## Your goal
Give back the full listing exactly, setting the pictures aside.

## Material shown

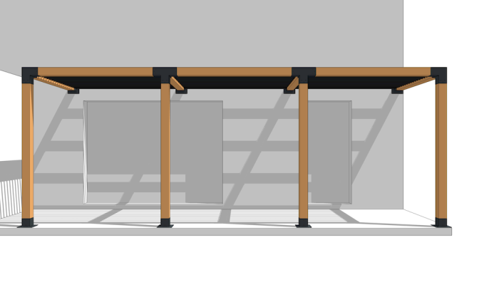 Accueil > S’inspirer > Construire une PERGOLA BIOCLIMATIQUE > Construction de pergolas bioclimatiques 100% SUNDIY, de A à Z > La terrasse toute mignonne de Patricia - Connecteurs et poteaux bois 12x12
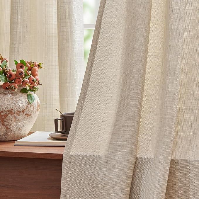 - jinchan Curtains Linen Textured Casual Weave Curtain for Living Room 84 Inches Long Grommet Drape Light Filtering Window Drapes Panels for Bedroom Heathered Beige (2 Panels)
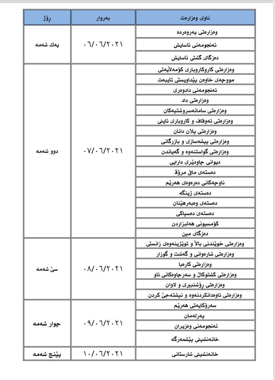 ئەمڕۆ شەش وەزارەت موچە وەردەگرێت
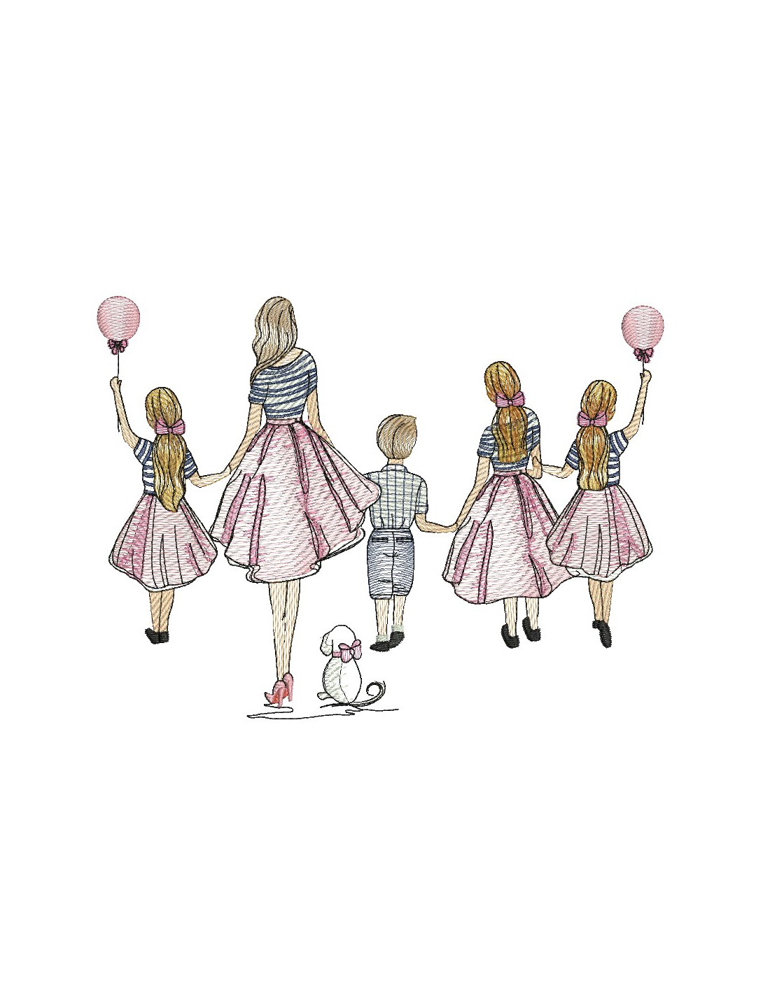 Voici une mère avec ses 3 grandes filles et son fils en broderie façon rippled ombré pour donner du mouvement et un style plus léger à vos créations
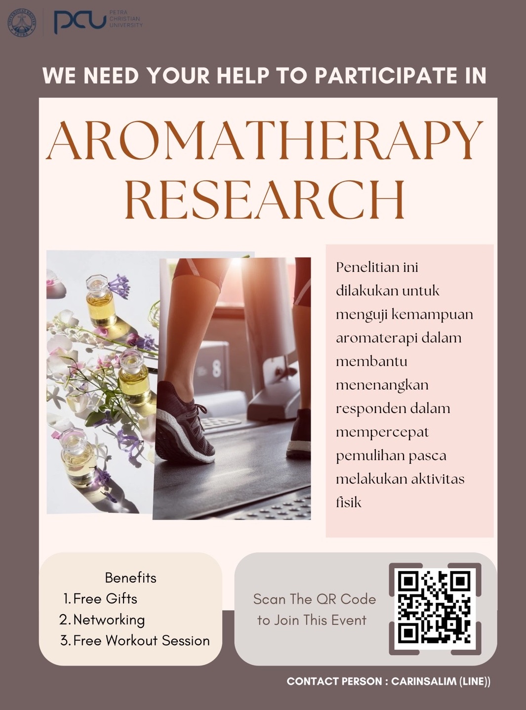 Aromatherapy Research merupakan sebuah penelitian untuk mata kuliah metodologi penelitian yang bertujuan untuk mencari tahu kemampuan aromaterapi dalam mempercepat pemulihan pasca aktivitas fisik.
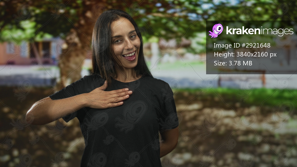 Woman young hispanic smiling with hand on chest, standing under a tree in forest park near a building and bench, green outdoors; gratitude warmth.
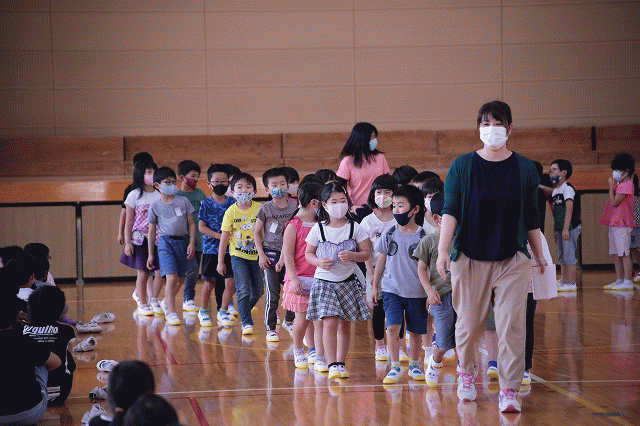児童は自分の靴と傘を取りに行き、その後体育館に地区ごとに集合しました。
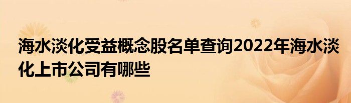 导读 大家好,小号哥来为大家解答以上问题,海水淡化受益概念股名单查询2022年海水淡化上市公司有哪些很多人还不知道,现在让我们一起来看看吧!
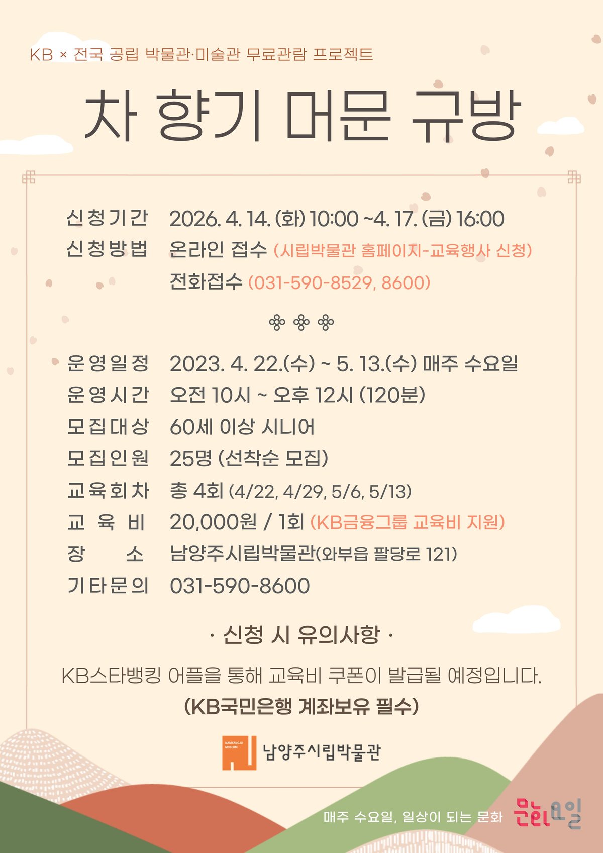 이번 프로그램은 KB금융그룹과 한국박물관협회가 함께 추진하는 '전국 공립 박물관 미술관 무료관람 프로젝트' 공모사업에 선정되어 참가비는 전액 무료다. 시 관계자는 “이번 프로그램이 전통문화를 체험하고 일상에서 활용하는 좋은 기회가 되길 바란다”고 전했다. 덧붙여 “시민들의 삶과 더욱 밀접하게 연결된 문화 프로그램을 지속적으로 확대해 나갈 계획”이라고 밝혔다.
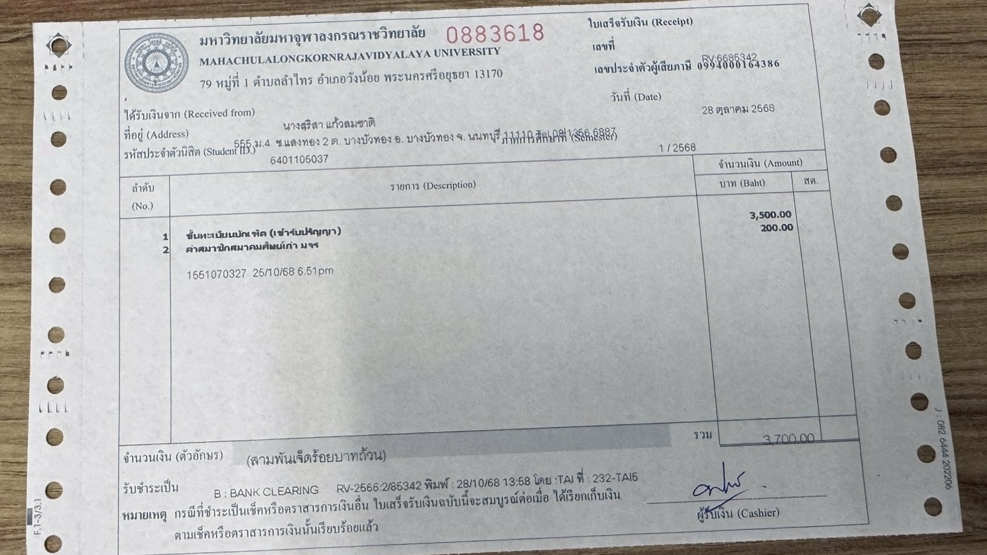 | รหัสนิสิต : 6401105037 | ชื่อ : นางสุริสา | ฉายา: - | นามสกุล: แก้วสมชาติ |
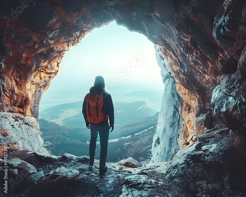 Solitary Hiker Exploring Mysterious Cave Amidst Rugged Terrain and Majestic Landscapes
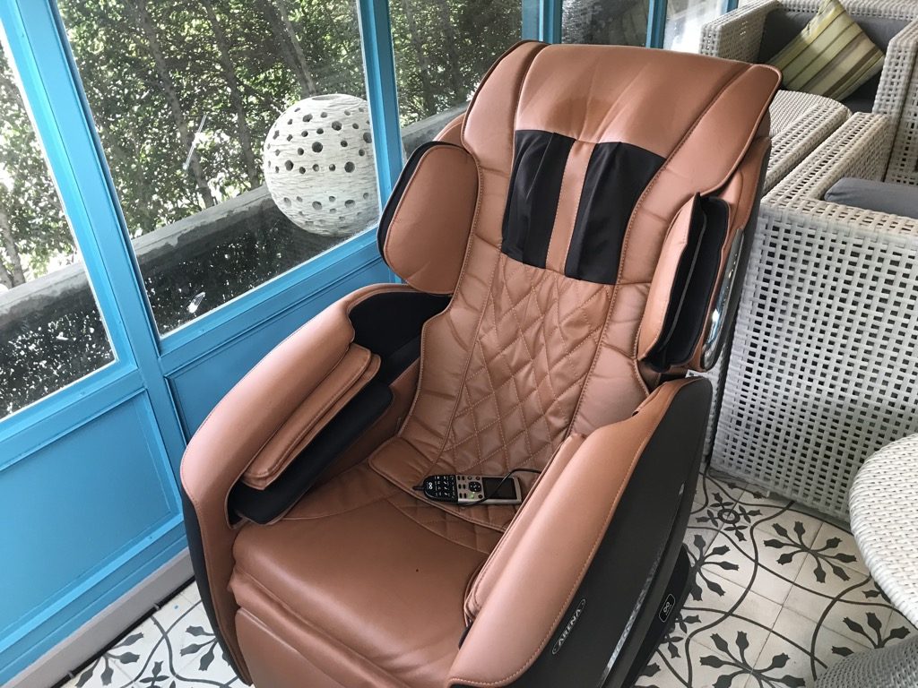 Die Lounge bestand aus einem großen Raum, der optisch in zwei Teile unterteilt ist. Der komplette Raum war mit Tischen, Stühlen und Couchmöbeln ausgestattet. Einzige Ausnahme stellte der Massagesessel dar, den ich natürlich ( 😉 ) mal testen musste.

## Result
 Accueil > S’inspirer > Construire une PERGOLA BIOCLIMATIQUE > Construction de pergolas bioclimatiques 100% SUNDIY, de A à Z > La terrasse toute mignonne de Patricia - Connecteurs et poteaux bois 12x12
 - jinchan Curtains Linen Textured Casual Weave Curtain for Living Room 84 Inches Long Grommet Drape Light Filtering Window Drapes Panels for Bedroom Heathered Beige (2 Panels)
 ئەمڕۆ شەش وەزارەت موچە وەردەگرێت
 Voici une mère avec ses 3 grandes filles et son fils en broderie façon rippled ombré pour donner du mouvement et un style plus léger à vos créations
 Aromatherapy Research merupakan sebuah penelitian untuk mata kuliah metodologi penelitian yang bertujuan untuk mencari tahu kemampuan aromaterapi dalam mempercepat pemulihan pasca aktivitas fisik.
 Woman young hispanic smiling with hand on chest, standing under a tree in forest park near a building and bench, green outdoors; gratitude warmth.
児童は自分の靴と傘を取りに行き、その後体育館に地区ごとに集合しました。
 导读 大家好,小号哥来为大家解答以上问题,海水淡化受益概念股名单查询2022年海水淡化上市公司有哪些很多人还不知道,现在让我们一起来看看吧!
 이번 프로그램은 KB금융그룹과 한국박물관협회가 함께 추진하는 '전국 공립 박물관 미술관 무료관람 프로젝트' 공모사업에 선정되어 참가비는 전액 무료다. 시 관계자는 “이번 프로그램이 전통문화를 체험하고 일상에서 활용하는 좋은 기회가 되길 바란다”고 전했다. 덧붙여 “시민들의 삶과 더욱 밀접하게 연결된 문화 프로그램을 지속적으로 확대해 나갈 계획”이라고 밝혔다.
 | รหัสนิสิต : 6401105037 | ชื่อ : นางสุริสา | ฉายา: - | นามสกุล: แก้วสมชาติ |
 Solitary Hiker Exploring Mysterious Cave Amidst Rugged Terrain and Majestic Landscapes
 Die Lounge bestand aus einem großen Raum, der optisch in zwei Teile unterteilt ist. Der komplette Raum war mit Tischen, Stühlen und Couchmöbeln ausgestattet. Einzige Ausnahme stellte der Massagesessel dar, den ich natürlich ( 😉 ) mal testen musste.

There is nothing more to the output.